= David Menasche =

David Menasche (August 1, 1973 – November 20, 2014) was an American educator and a cofounding teacher of Coral Reef Senior High School in South Miami-Dade, Florida.

Menasche began his teaching career at Coral Reef after earning his teaching certificate at Florida International University in 1997. In the fall of 2006, he was diagnosed with glioblastoma multiforme, a lemon-size brain tumor in his right temporal lobe indicative of Stage IV brain cancer, and given a few months to live. After undergoing three surgeries, two and a half years of chemotherapy, and 30 rounds of radiation, he was able to teach at Coral Reef for six more years until he suffered a seizure in 2012 that greatly reduced his peripheral vision in both eyes and weakened his left side, forcing him to give up teaching.

Unable to return to Coral Reef, Menasche decided to embark on a quest to reconnect with some of the 3,000 students he had taught during his 15-year career. Calling it The Vision Quest, Menasche posted his plans to his old friends and students on Facebook with a call for couches, and ended up with 73 offers within three days.

Menasche departed from Miami on November 2, 2012, with a list of 150 available couches across the country, filming and chronicling his journey along the way. Completing his trek in February 2013, he spent a total of 101 days on the road, visiting 31 cities, and seeing over 75 former students.

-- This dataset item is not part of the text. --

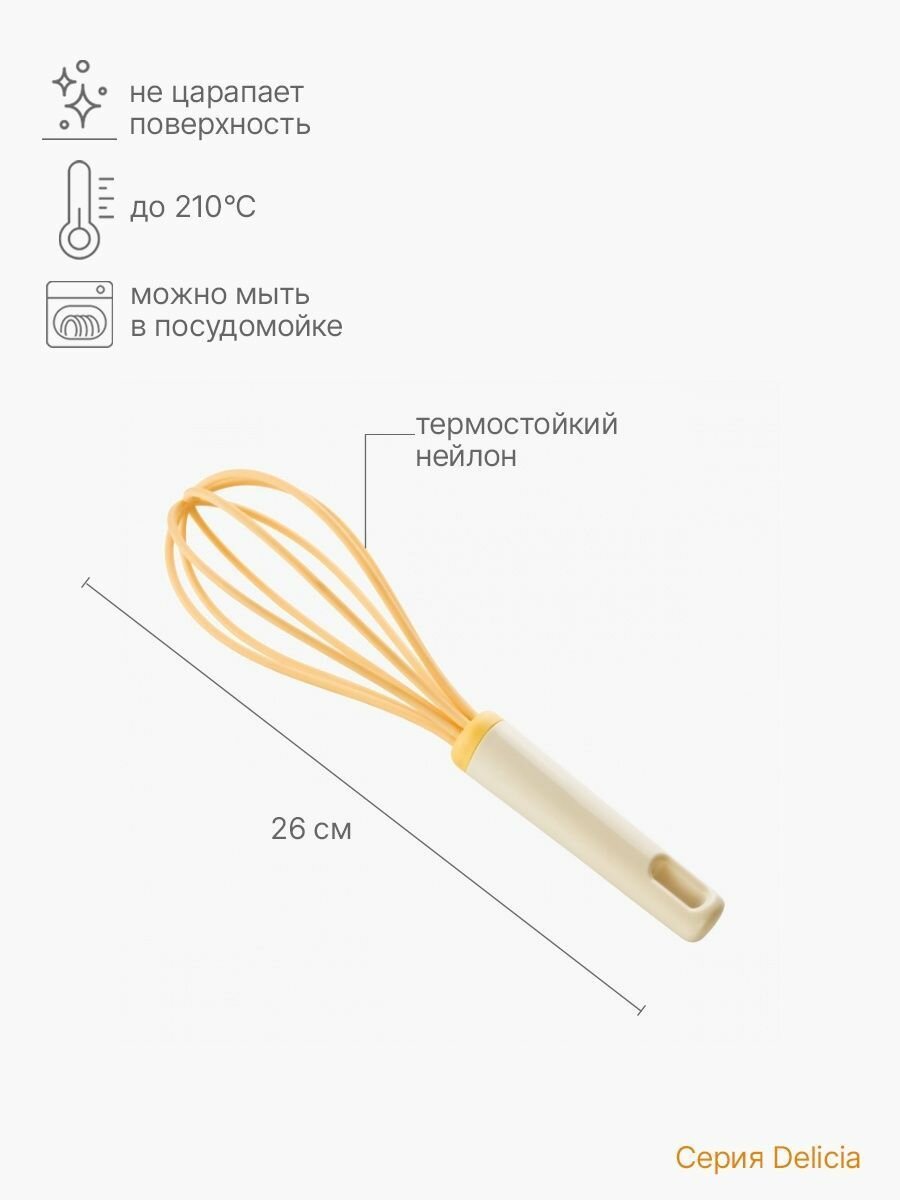 Венчик из термостойкого нейлона (210 С) отлично подходит для взбивания продуктов в емкостях из нержавеющей стали и пластика, а также в посуде с антипригарным покрытием, так как не царапает и не повреждает поверхности.

Following his trip, he published an autobiography, The Priority List: A Teacher’s Final Quest to Discover Life’s Greatest Lessons. The title of the memoir comes from an exercise Menasche used with his high school students when studying Othello. It is a list of values that he asked students to prioritize for the play’s main characters in order to develop an understanding of motivation.

Menasche had two older brothers, Maurice and Jacques. He separated from his wife, Paula, after the Vision Quest. Menasche’s story gained national attention when Lidia Dinkova, a former student, contacted him to write a story for the Miami Herald. NBC, USA Today, and CNN then quickly picked up the story of Menasche’s Vision Quest and struggle with brain cancer. Menasche died on November 20, 2014, aged 41.